Я стояла посреди коридора, и свеча умирала в моей руке.
– В следующий раз, – пообещала я сгустившейся тьме, – в следующий раз принесу мел и буду помечать, куда ведет каждый коридор.
Сквозняк от каменной кладки продувал мой халат насквозь. Я повернула обратно. Теперь я не могла спешить, потому что пламя превратилось в крошечного светлячка, танцующего на огрызке фитиля. Я внушала себе, что все будет хорошо, как только я доберусь до первого перекрестка. Даже если свеча погаснет, найду дорогу в тайное убежище на ощупь. Ведь найду же? Я выкинула из головы все мысли о страхе перед крысами. Мой свет их прогнал, и они, конечно, не забираются так далеко от кухни. Крысы всегда держатся там, где еда.
Разве что они очень голодны и еды у них мало.
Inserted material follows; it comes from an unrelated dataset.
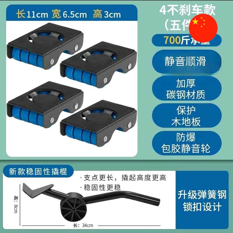 • Aýratynlyklary: Mebeliň we iri durmuş tehnikasynyň ýerini aňsatlyk bilen üýtgetmek üçin özboluşly toplum. Toplumda: sessiz tekerli 4 sany tagt-araba we götermek üçin ryçag bar. Ryçag predmeti aňsatlyk bilen ýokary galdyrmaga mümkinçilik berýär, tekerjikli tagtlar bolsa ony güýç sarp etmezden we pola zeper ýetirmezden süýşürmäge kömek edýär. Arassalamak we abatlaýyş işleri üçin ideal çözgüt.

Что-то коснулось моей ноги.
Я подскочила, пробежала два шага и упала. Горячий воск расплескался, свеча погасла. Темнота ринулась на меня со всех сторон. Она заполнила пространство, которое раньше отвоевал свет моей свечи. На миг я перестала дышать, потому что вместо воздуха вокруг была тьма. Я подтянула ноги к груди под ночной рубашкой, потому что испугалась, что на них накинутся крысы и откусят мне пальцы. Сердце мое так колотилось, что от него тряслось все тело. Во мраке я села, потрясла обожженной рукой, сковырнула с нее капли воска. Огляделась. Тьма была непроницаема. Темнота давила на меня, я не могла ею дышать, не могла ее оттолкнуть. Я пришла в ужас.
– Мама! – завопила я, и внезапное осознание ее смерти окутало меня, такое же плотное и душное, как тьма.
Ее нет, и не осталось никого, чтобы меня спасти. Тьма и смерть сделались одним и тем же.
– Мама! Мама! Мама! Мама! – Я снова и снова звала ее, потому что раз вокруг была тьма, равнозначная смерти, то мама должна была прийти ко мне.
Я кричала, пока не потеряла голос, да и потом продолжала беззвучно вопить от безграничного ужаса. Никто не пришел. Если мои приглушенные крики кого и разбудили, то я ничего не услышала. Когда первый приступ прошел, я свернулась во тьме клубочком, тяжело дыша. По крайней мере, согрелась: от пота мои волосы прилипли к коже головы. Только кисти и ступни все еще оставались холодными. Я обхватила свои колени, втянула руки в рукава. В ушах у меня отдавался грохот сердца. Я прислушивалась изо всех сил – пусть меня и страшило возможное копошение крыс, я еще больше боялась того, что одна из них подкрадется внезапно. В горле моем застрял беспомощный испуганный писк. Упершись лбом в шершавый пол и все еще тяжело дыша, я закрыла глаза, чтобы отгородиться от давящей тьмы.